▶ [Data excerpts]
____

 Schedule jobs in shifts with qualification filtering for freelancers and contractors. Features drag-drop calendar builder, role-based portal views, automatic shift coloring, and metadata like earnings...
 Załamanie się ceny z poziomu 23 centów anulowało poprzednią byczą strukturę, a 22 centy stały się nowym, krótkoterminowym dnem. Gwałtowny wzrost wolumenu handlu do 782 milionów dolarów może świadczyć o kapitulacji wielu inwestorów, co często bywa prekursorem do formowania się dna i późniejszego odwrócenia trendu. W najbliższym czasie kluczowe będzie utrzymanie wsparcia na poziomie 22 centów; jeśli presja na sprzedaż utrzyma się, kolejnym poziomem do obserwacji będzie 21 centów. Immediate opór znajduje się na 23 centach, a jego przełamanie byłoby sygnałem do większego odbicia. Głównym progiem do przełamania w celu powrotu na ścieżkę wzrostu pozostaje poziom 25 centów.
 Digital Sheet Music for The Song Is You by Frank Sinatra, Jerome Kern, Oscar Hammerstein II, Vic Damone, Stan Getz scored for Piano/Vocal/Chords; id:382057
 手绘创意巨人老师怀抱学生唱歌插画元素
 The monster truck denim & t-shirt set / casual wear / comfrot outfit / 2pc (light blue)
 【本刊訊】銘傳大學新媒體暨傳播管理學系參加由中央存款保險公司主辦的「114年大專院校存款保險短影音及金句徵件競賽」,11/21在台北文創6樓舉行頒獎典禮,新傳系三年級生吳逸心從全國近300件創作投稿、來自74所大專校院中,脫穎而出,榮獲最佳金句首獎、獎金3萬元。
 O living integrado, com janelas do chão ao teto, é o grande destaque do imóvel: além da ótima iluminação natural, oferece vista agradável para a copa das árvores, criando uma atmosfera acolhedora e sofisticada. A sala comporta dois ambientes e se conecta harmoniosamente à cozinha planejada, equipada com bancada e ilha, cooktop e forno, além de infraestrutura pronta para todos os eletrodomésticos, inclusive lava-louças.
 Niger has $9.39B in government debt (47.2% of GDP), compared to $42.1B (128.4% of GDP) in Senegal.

____

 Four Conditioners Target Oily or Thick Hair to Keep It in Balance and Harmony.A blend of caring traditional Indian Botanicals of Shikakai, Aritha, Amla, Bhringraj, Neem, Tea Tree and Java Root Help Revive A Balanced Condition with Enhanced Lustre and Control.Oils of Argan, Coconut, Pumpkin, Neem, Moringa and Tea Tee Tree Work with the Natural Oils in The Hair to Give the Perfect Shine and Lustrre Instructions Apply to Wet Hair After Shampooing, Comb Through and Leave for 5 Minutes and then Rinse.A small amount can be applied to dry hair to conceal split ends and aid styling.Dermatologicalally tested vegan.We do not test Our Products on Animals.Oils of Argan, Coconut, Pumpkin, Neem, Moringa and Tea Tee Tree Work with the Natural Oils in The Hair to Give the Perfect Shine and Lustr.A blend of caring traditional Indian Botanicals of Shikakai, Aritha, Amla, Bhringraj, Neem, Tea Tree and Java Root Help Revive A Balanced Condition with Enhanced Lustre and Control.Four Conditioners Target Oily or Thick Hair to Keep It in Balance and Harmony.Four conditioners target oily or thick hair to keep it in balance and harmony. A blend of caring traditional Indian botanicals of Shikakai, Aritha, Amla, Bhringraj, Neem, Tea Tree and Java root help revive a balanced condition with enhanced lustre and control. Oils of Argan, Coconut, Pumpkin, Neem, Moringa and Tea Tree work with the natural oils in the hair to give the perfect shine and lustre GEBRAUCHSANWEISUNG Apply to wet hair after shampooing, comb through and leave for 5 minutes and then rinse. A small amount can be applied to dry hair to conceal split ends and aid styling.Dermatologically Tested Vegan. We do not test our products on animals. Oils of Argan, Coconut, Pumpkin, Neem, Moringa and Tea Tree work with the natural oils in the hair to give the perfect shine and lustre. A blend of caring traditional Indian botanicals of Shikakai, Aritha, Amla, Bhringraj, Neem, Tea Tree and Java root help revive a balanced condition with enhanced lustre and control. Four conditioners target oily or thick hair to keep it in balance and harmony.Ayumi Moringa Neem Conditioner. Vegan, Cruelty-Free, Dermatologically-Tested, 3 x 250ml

____

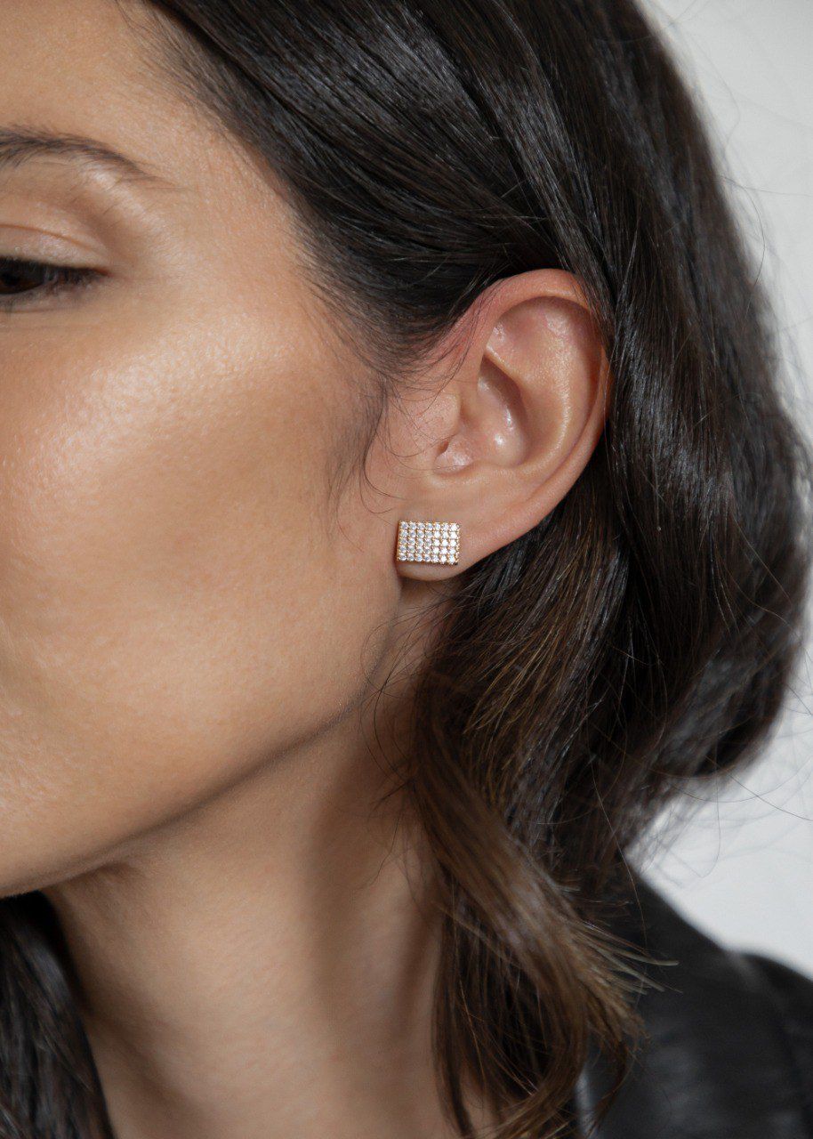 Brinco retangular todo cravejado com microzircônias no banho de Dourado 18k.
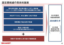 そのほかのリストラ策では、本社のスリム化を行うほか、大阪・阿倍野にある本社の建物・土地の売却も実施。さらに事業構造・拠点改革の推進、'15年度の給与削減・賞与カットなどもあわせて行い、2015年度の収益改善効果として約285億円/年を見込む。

____

▶ [Your goal] The expected answer is an exact copy of the lines above, beginning at the line with "Digital Sheet Music" and ending at the line with "Niger has $9.39B", with both ends in.

▶ [Task response]
 Digital Sheet Music for The Song Is You by Frank Sinatra, Jerome Kern, Oscar Hammerstein II, Vic Damone, Stan Getz scored for Piano/Vocal/Chords; id:382057
 手绘创意巨人老师怀抱学生唱歌插画元素
 The monster truck denim & t-shirt set / casual wear / comfrot outfit / 2pc (light blue)
 【本刊訊】銘傳大學新媒體暨傳播管理學系參加由中央存款保險公司主辦的「114年大專院校存款保險短影音及金句徵件競賽」,11/21在台北文創6樓舉行頒獎典禮,新傳系三年級生吳逸心從全國近300件創作投稿、來自74所大專校院中,脫穎而出,榮獲最佳金句首獎、獎金3萬元。
 O living integrado, com janelas do chão ao teto, é o grande destaque do imóvel: além da ótima iluminação natural, oferece vista agradável para a copa das árvores, criando uma atmosfera acolhedora e sofisticada. A sala comporta dois ambientes e se conecta harmoniosamente à cozinha planejada, equipada com bancada e ilha, cooktop e forno, além de infraestrutura pronta para todos os eletrodomésticos, inclusive lava-louças.
 Niger has $9.39B in government debt (47.2% of GDP), compared to $42.1B (128.4% of GDP) in Senegal.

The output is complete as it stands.